* [Exercise directions]
Restate each of the lines below word for word and drop every picture.

* [Input records]
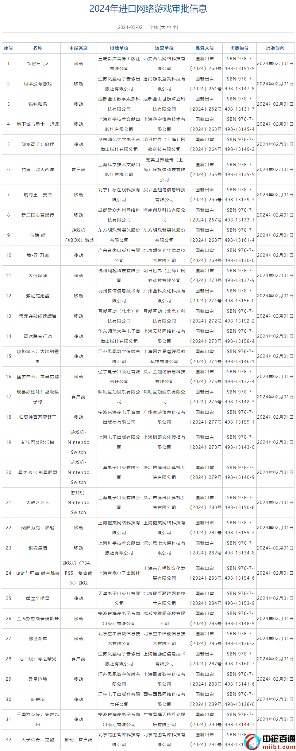 2月2日,2024年進(jìn)口網(wǎng)絡(luò)游戲?qū)徟畔⒄桨l(fā)布。據(jù)國(guó)家新聞出版署官網(wǎng)顯示,共32款游戲獲得游戲版號(hào)。
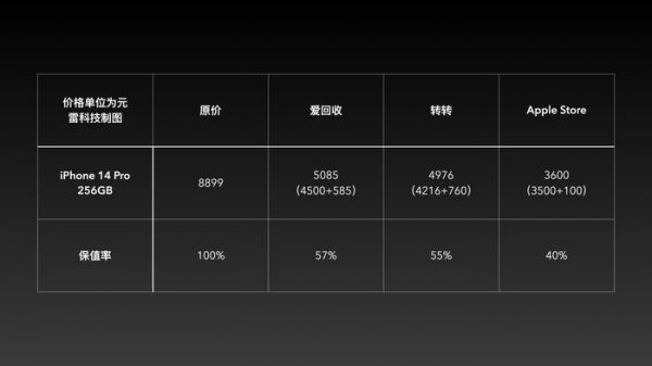 图片来源:雷科技但如果我们回收更旧一点的机型,比如 14 Pro,那情况就有些不同了,原价 8899 元的 iPhone 14 Pro 256GB,即使是仅过保修的完美成色,在爱回收报价为 5085 元(4500+585),转转报价 4976 元(4216+760),Apple Store 报价 3600 元,保值率分别为 57%、55% 和 40%。
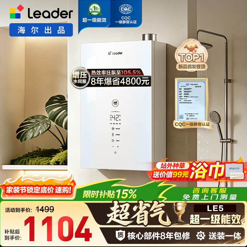 海尔出品Leader统帅超一级能效LE5ULTRA增压一级静音零冷水燃气热水器天然气16升节能恒温wifi智控 16L LE5【一级能效静音】
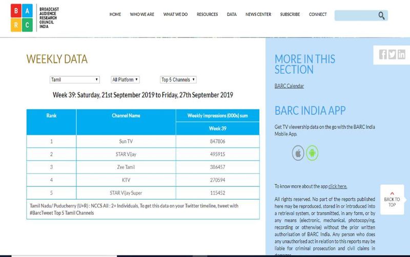 முதலிடத்தில் சன் டிவி இருக்கிறது. இந்த வாரம் பிக் பாஸ் நிகழ்ச்சி இறுதி கட்டம் என்பதால் டி.ஆர்.பி ரேட்டிங் உயரும் என நம்பிக்கையில் இருக்கிறது விஜய் டி.வி.
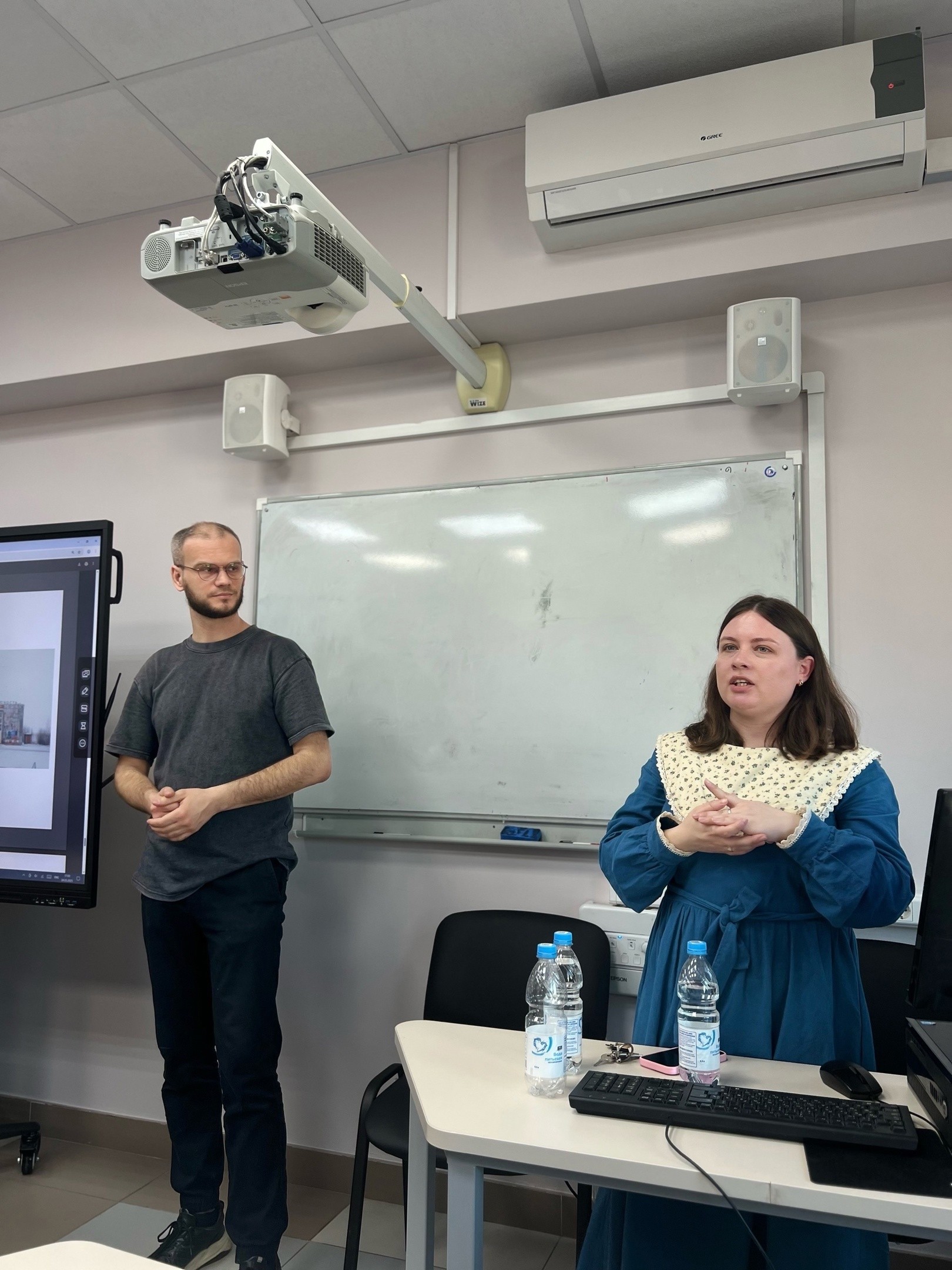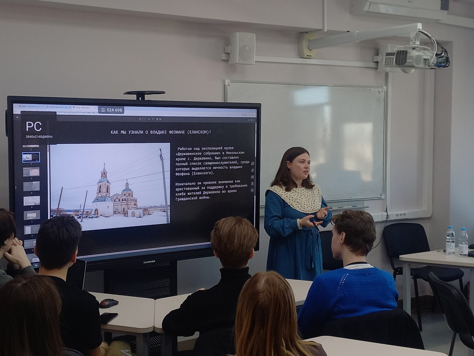 Презентацию провели Ольга Павлова - руководитель проекта, режиссер фильма и Дмитрий Прозоров - оператор-постановщик фильма. Они рассказали студентам о модели архивного поиска, которую затем можно применить каждому., а также сквозь историю владыки Феофана (Еланского) и путешествий съемочной группы провели осмысление вышеупомянутых исторических событий первой трети двадцатого века.
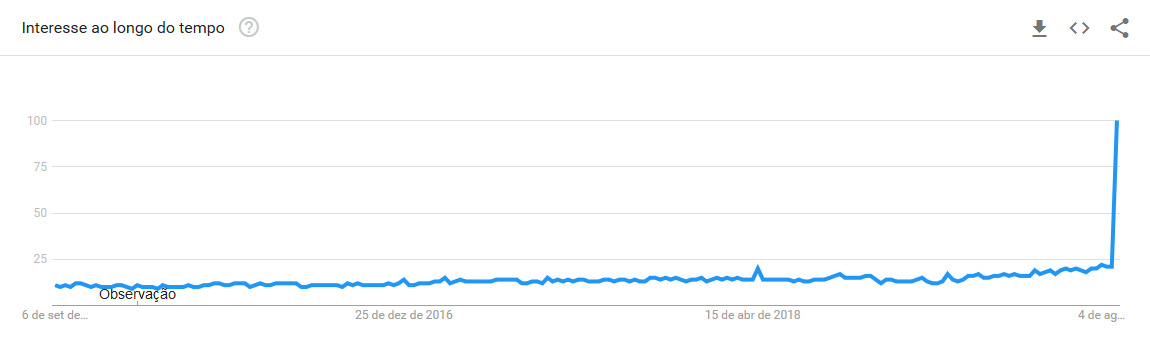 Evolução da busca por “podcast” no Brasil, entre 2015 e 2019. O salto ocorreu após a exibição no Jornal Nacional, em 26/08/19. (Fonte)
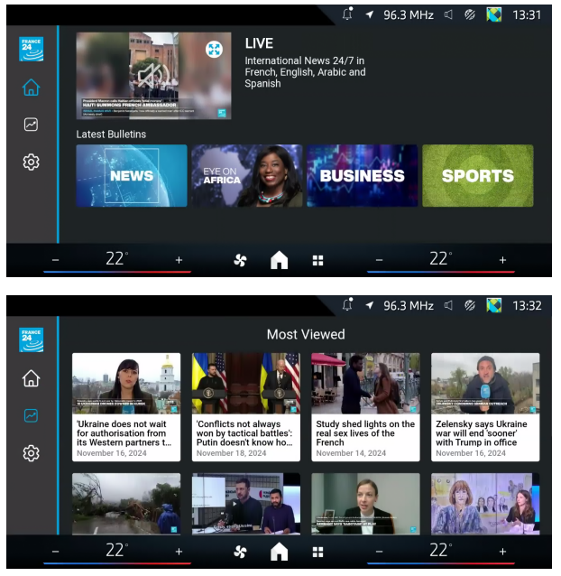 L’application de France 24 a été « entièrement pensée » pour un usage en voiture : l’interface tactile donne accès « en quelques gestes » aux contenus de France 24 dans ses quatre langues de diffusion (français, anglais, arabe, espagnol). Au démarrage, l’utilisateur accède à l’écran d’accueil présentant le direct de la chaîne, les derniers bulletins vidéo, ainsi qu’un menu vertical « simplifié » comprenant trois rubriques (accueil, les plus vus, paramètres). Les contenus peuvent être visionnés en plein écran, les langues changées instantanément.
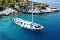 This traditional motor sailer can accommodate up to 8 guests in 4 cabins all with ensuite bathrooms
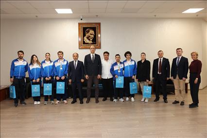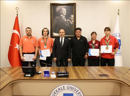 Pamukkale University (PAU) national swimmer Ahmet Mete Boylu, accompanied by his coach and PAU Faculty of Sport Sciences staff member Musa Özcan, paid a visit to Rector Prof. Dr. Mahmud Güngör at his office.
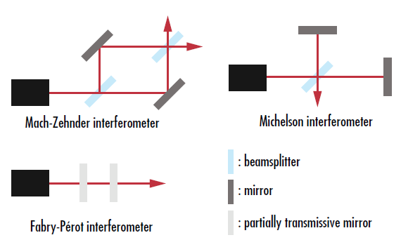 有几种常见的干涉仪配置(图 8)。马赫-曾德尔干涉仪利用一个分束器将输入光束分离成两条不同的路径。后者分束器将这两条路径重新组合成两个输出,然后发送到光电探测器。迈克耳逊干涉仪使用一个单波束分离器来分割和重组光束。迈克耳逊干涉仪的一种变体是特曼-格林干涉仪,它以单色点源作为光源来测量光学元件涉仪通过使用两个平行的部分透明反射镜,而不是两个分离的光束路径来实现光的多次往返。
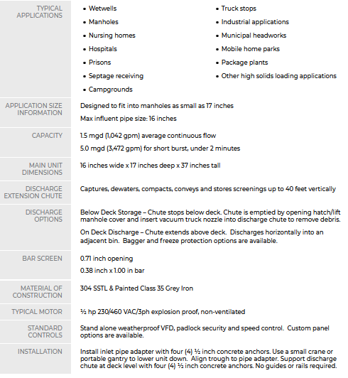 There is an overflow bypass opening ahead of the screening unit. The vertical bar screen has a .71 inch bar opening with other size options available. As screenings are captured, a discharge chute extends vertically to compact, dewater, lift, and store debris, without additional augers required. The solids are held in the chute or discharged into a bin, fully contained for odor control and aesthetics. Debris management is simple, with planned and infrequent pickups to dispose of solids.
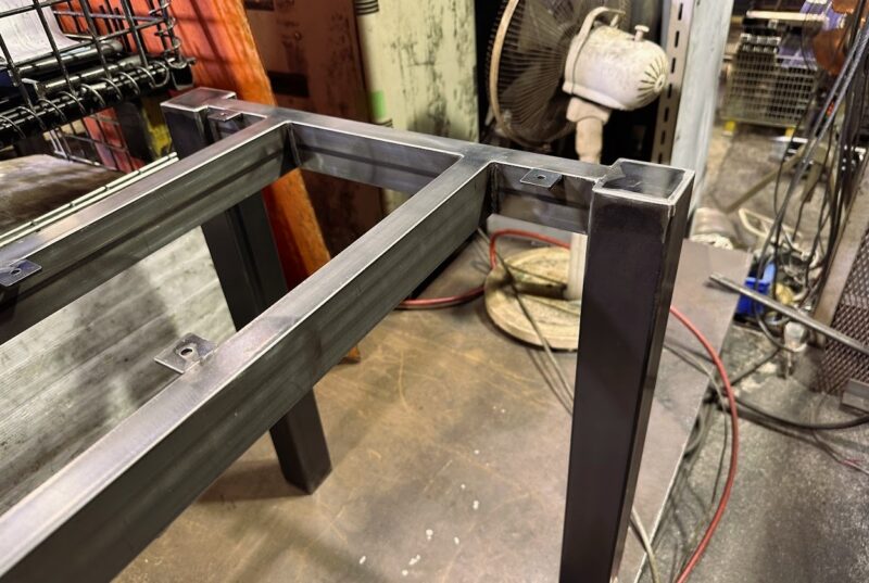 脚には、マットブラックに仕上げたスチール製の特注脚を組み合わせ。重厚感ある木の天板と、直線的で軽やかな鉄脚とのコントラストが、全体にほどよいカジュアルさとモダンな印象を添えています。

* [Solution]
 2月2日,2024年進(jìn)口網(wǎng)絡(luò)游戲?qū)徟畔⒄桨l(fā)布。據(jù)國(guó)家新聞出版署官網(wǎng)顯示,共32款游戲獲得游戲版號(hào)。
 图片来源:雷科技但如果我们回收更旧一点的机型,比如 14 Pro,那情况就有些不同了,原价 8899 元的 iPhone 14 Pro 256GB,即使是仅过保修的完美成色,在爱回收报价为 5085 元(4500+585),转转报价 4976 元(4216+760),Apple Store 报价 3600 元,保值率分别为 57%、55% 和 40%。
 海尔出品Leader统帅超一级能效LE5ULTRA增压一级静音零冷水燃气热水器天然气16升节能恒温wifi智控 16L LE5【一级能效静音】
 முதலிடத்தில் சன் டிவி இருக்கிறது. இந்த வாரம் பிக் பாஸ் நிகழ்ச்சி இறுதி கட்டம் என்பதால் டி.ஆர்.பி ரேட்டிங் உயரும் என நம்பிக்கையில் இருக்கிறது விஜய் டி.வி.
 Презентацию провели Ольга Павлова - руководитель проекта, режиссер фильма и Дмитрий Прозоров - оператор-постановщик фильма. Они рассказали студентам о модели архивного поиска, которую затем можно применить каждому., а также сквозь историю владыки Феофана (Еланского) и путешествий съемочной группы провели осмысление вышеупомянутых исторических событий первой трети двадцатого века.
 Evolução da busca por “podcast” no Brasil, entre 2015 e 2019. O salto ocorreu após a exibição no Jornal Nacional, em 26/08/19. (Fonte)
 L’application de France 24 a été « entièrement pensée » pour un usage en voiture : l’interface tactile donne accès « en quelques gestes » aux contenus de France 24 dans ses quatre langues de diffusion (français, anglais, arabe, espagnol). Au démarrage, l’utilisateur accède à l’écran d’accueil présentant le direct de la chaîne, les derniers bulletins vidéo, ainsi qu’un menu vertical « simplifié » comprenant trois rubriques (accueil, les plus vus, paramètres). Les contenus peuvent être visionnés en plein écran, les langues changées instantanément.
 This traditional motor sailer can accommodate up to 8 guests in 4 cabins all with ensuite bathrooms
 Pamukkale University (PAU) national swimmer Ahmet Mete Boylu, accompanied by his coach and PAU Faculty of Sport Sciences staff member Musa Özcan, paid a visit to Rector Prof. Dr. Mahmud Güngör at his office.
 有几种常见的干涉仪配置(图 8)。马赫-曾德尔干涉仪利用一个分束器将输入光束分离成两条不同的路径。后者分束器将这两条路径重新组合成两个输出,然后发送到光电探测器。迈克耳逊干涉仪使用一个单波束分离器来分割和重组光束。迈克耳逊干涉仪的一种变体是特曼-格林干涉仪,它以单色点源作为光源来测量光学元件涉仪通过使用两个平行的部分透明反射镜,而不是两个分离的光束路径来实现光的多次往返。
 There is an overflow bypass opening ahead of the screening unit. The vertical bar screen has a .71 inch bar opening with other size options available. As screenings are captured, a discharge chute extends vertically to compact, dewater, lift, and store debris, without additional augers required. The solids are held in the chute or discharged into a bin, fully contained for odor control and aesthetics. Debris management is simple, with planned and infrequent pickups to dispose of solids.
 脚には、マットブラックに仕上げたスチール製の特注脚を組み合わせ。重厚感ある木の天板と、直線的で軽やかな鉄脚とのコントラストが、全体にほどよいカジュアルさとモダンな印象を添えています。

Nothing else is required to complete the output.